RoboEarth
A World Wide Web for Robots
The idea for RoboEarth began with a lesson from Kiva Systems. At Kiva, our robots sent what they learned to a central server, which assimilated that data into its existing knowledge of the world before making the updated information available to the entire fleet. This was in 2004, when cloud computing was still in its infancy—two years before Amazon launched its first cloud services—and it offered a glimpse of what could be possible if that model were extended across many sites and robot types. I began to wonder: what if that principle could be scaled far beyond a single warehouse? Could robots in different environments—labs, hospitals, factories—share what they learned so that others could benefit immediately? Could we build, in effect, a shared brain for robots?
In 2009, ETH Zürich and Technische Universiteit Eindhoven set out to answer that question, co-leading an EU-funded research program under the Seventh Framework Programme (FP7). Our partners included Philips, Universität Stuttgart, Universidad de Zaragoza, Technische Universität München, and Universität Bremen. Together, we created RoboEarth: a global, web-style database allowing robots to upload maps, object models, and step-by-step “recipes” for tasks, and enabling others to download, adapt, and execute them in new environments.

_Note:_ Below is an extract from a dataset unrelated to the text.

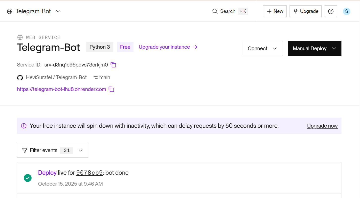 A Telegram bot built with Python for automation and user interaction, deployed on Render.
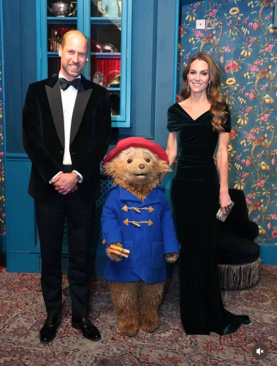 После представления принц и принцесса пообщались с артистами. Уильям с улыбкой сказал актёру в костюме Паддингтона:

Over the next five years, we built the infrastructure and proved the concept through live demonstrations. One early test had a robot learn to serve a drink, upload the instructions, and watch as a different robot—on a different platform—downloaded and performed the task successfully. In the final showcase, four heterogeneous robots worked together in a mock hospital, each drawing on RoboEarth’s shared knowledge to navigate, manipulate, and collaborate in real time.
At the time, the term cloud robotics didn’t even exist—it wasn’t coined until 2010 by researchers at Google—yet RoboEarth was already putting the concept into practice. We offloaded computation to the cloud, shared perception and task data across platforms, and treated knowledge as a global, evolving resource rather than something locked inside each machine.

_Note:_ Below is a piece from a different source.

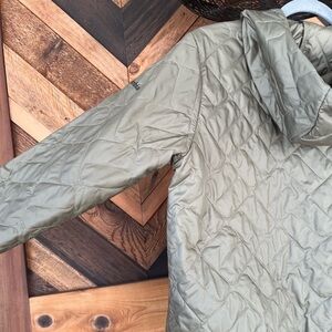 Super light weight and great color! There is a small smudge in the third photo next to the zipper. You can barely see it, smaller than a dime. Fun bomber style with hood.

While RoboEarth officially concluded in 2014, its ideas and design patterns helped set the foundation for the cloud robotics movement. One tangible continuation was Rapyuta, a cloud robotics engine developed during the project’s final phase, which evolved into a commercial platform through Rapyuta Robotics—a company that has raised over USD 80 million and deployed cloud-connected autonomous mobile robots, forklifts, and warehouse automation systems in live industrial settings.
Since RoboEarth first demonstrated the value of collective robot learning and cloud-based intelligence, the cloud robotics market has steadily expanded. Analysts estimate its 2024 size at roughly USD 7–8 billion, with projections ranging from USD 35 billion to USD 55 billion by 2033, implying annual growth rates between 18% and 26%. While today’s deployments in logistics, healthcare, and manufacturing are shaped by many factors, they share a central principle that RoboEarth proved in practice: robots connected through the cloud can adapt faster, perform better, and benefit from each other’s experience.